There are two ways every household in Scarborough can help themselves, their community and the environment: recycling and composting. Our household has done both for 30 years since we lived in Japan, where it is the law.

Recycling in Scarborough is extremely easy. The yellow-lidded curbside container is the key ingredient.

All recyclable plastics now have the recycle triangle on them. The tubes for toilet tissue and paper towels, newspapers, most magazines and office paper are recyclable. Paper towels and tissues are better composted. When you throw your trash in your recycling container, you are adding to the garbage that we pay $70 per ton to get rid of.

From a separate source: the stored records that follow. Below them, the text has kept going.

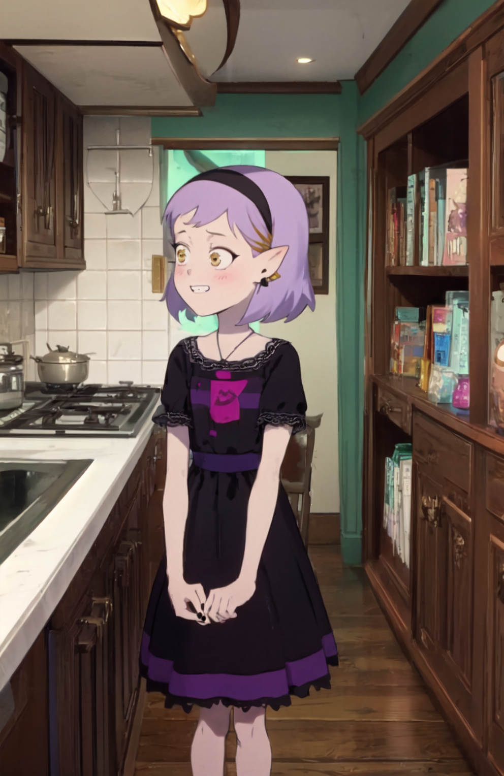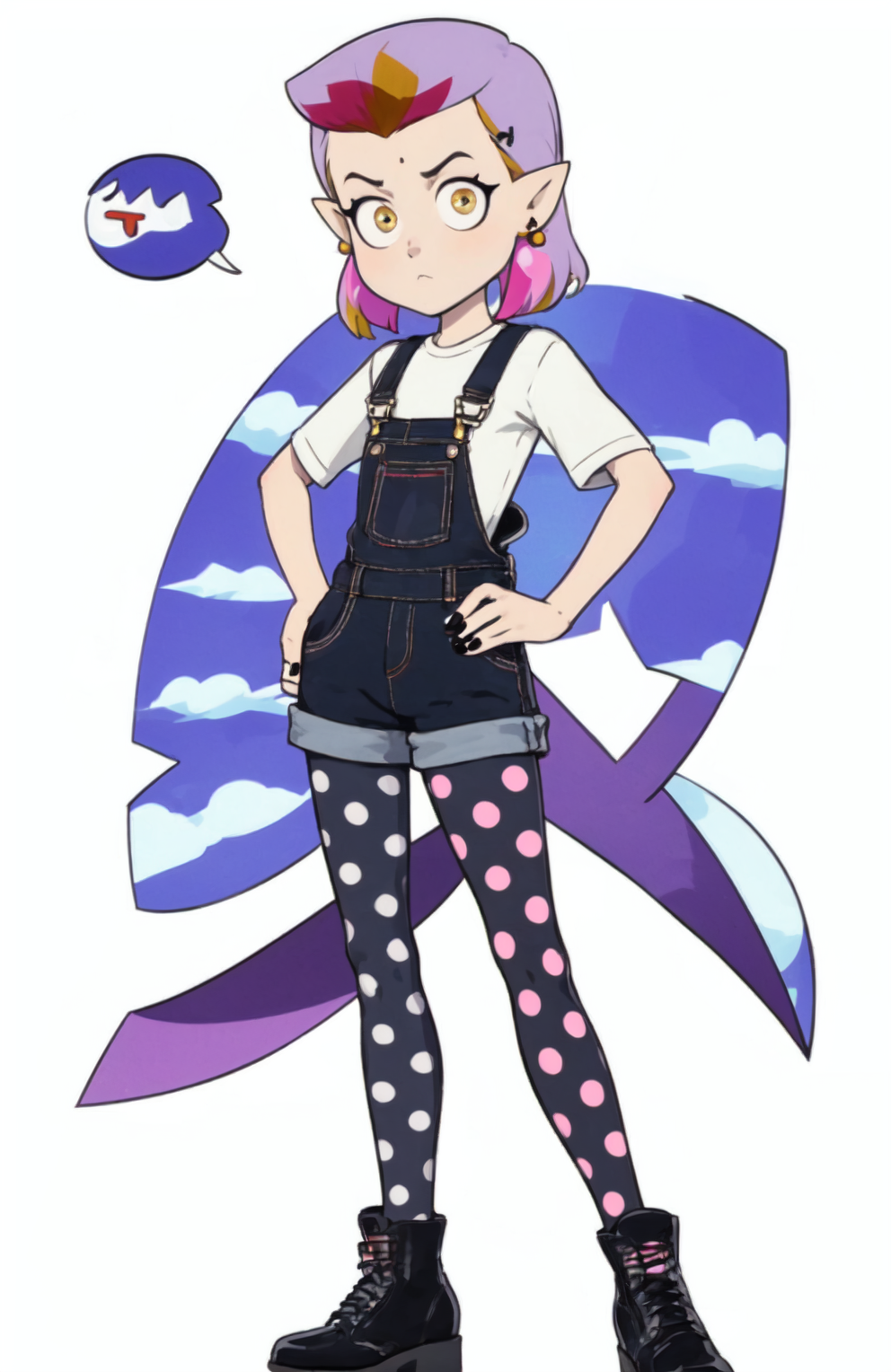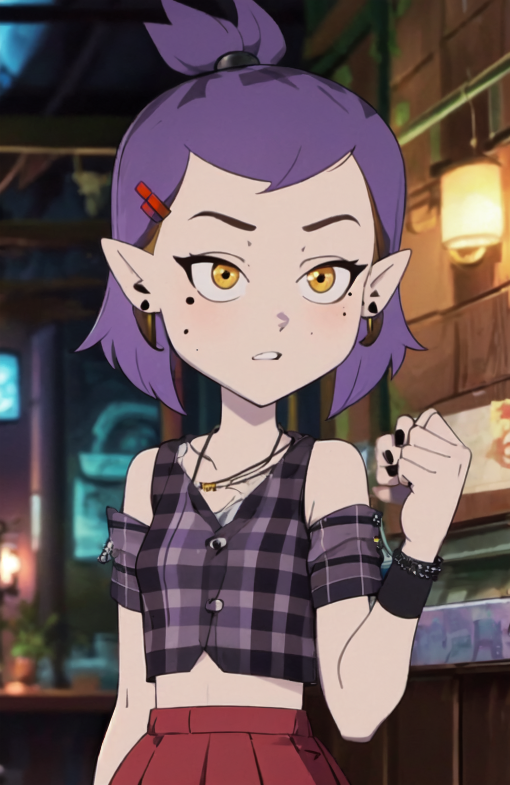 시즌 2: amity_blight, S2 hair, short hair, open mouth, bangs, skirt, shirt, long sleeves, flat chest, standing, yellow eyes, purple hair, pantyhose, teeth, pointy ears, black skirt, looking to the side, black shirt, red pantyhose
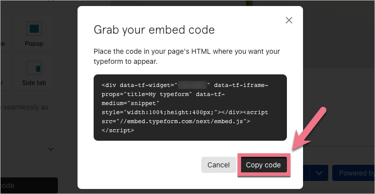 4. Paste the code from Typeform in the Add HTML code field. Then Save & close.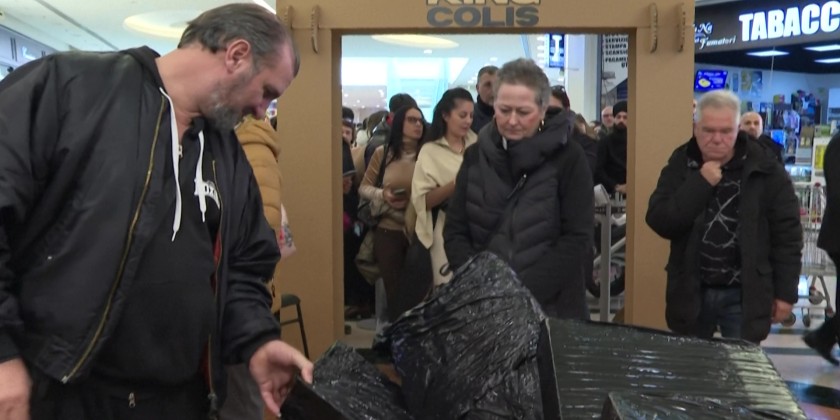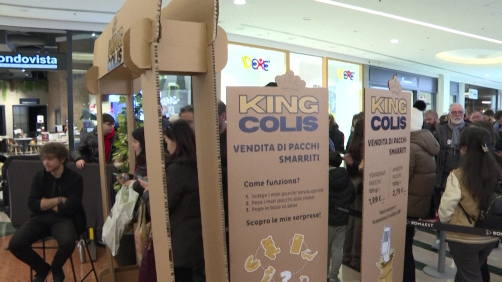 A Rome shopping mall hosted Italy's first-ever 'blind sale' of unclaimed packages.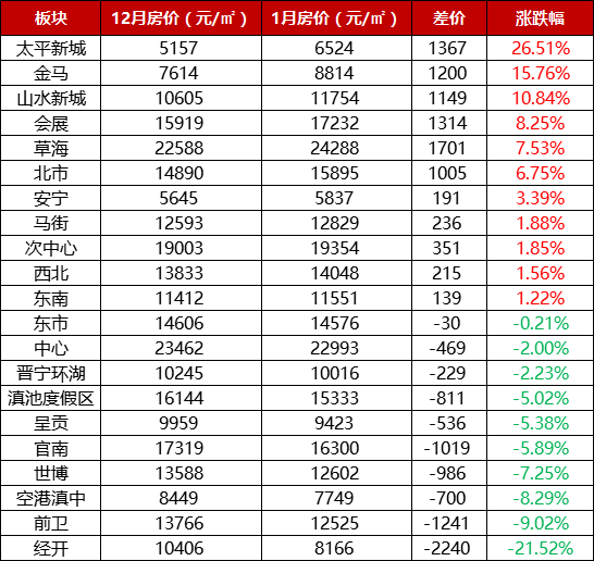 降幅最大的是经开区,环比下跌14.8%,主要是受片区内产品结构性调整,12月备案的项目到1月基本就没有了,导致了价格波动,属于正常现象。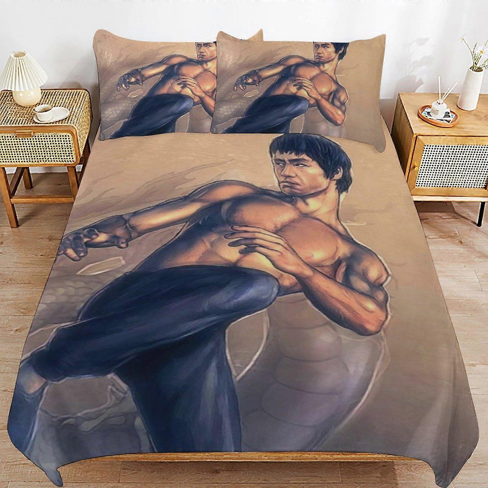 j586 Bruce Lee Bedding System Smooth Fabric Zipper Closure Comfortable Texture Soft Feel Duvet Cover Sets Pack k586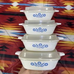 Vintage Corning Ware Cornflower Blue P-41 Petite Casserole Pan Set Of 4 USA Lids$45Ontario, CA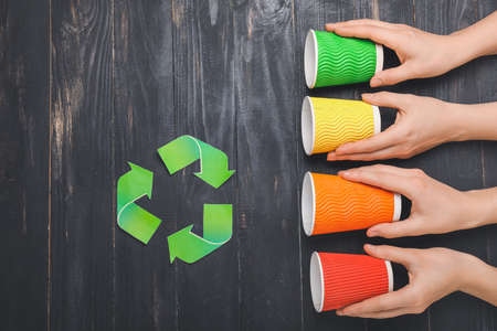 Hands with used cups on dark wooden background. Concept of recycling

Composting is easy. Almost anything can be composted, but it is best to keep meat and things that attract scavengers out of the compost bin. Vegetable matter, mulched leaves in the fall, a few grass clippings, any weeds pulled from the garden, tubes from tissue paper and paper towels, tissues themselves and egg cartons all compost. Turn and water it once a month. A simple screen sifter yields a beautiful compost after a few months.

If you cannot or don’t want to compost, buy a small bucket. Put your compostable material in there. Once a week or so, drive by one of the three compost stations, called “toters.” These are at the Veterans Home, at Wal-Mart and at Pine Tree Waste and are serviced by Garden to Garden.

Since May 2015, these toters have diverted about 7 tons of compostable material from the solid waste stream. That 7 tons is now on its way to fertilizing something good instead of adding to our waste stream.

Please separate your garbage and recyclables. Please compost. It takes so little effort. It’s a real win-win.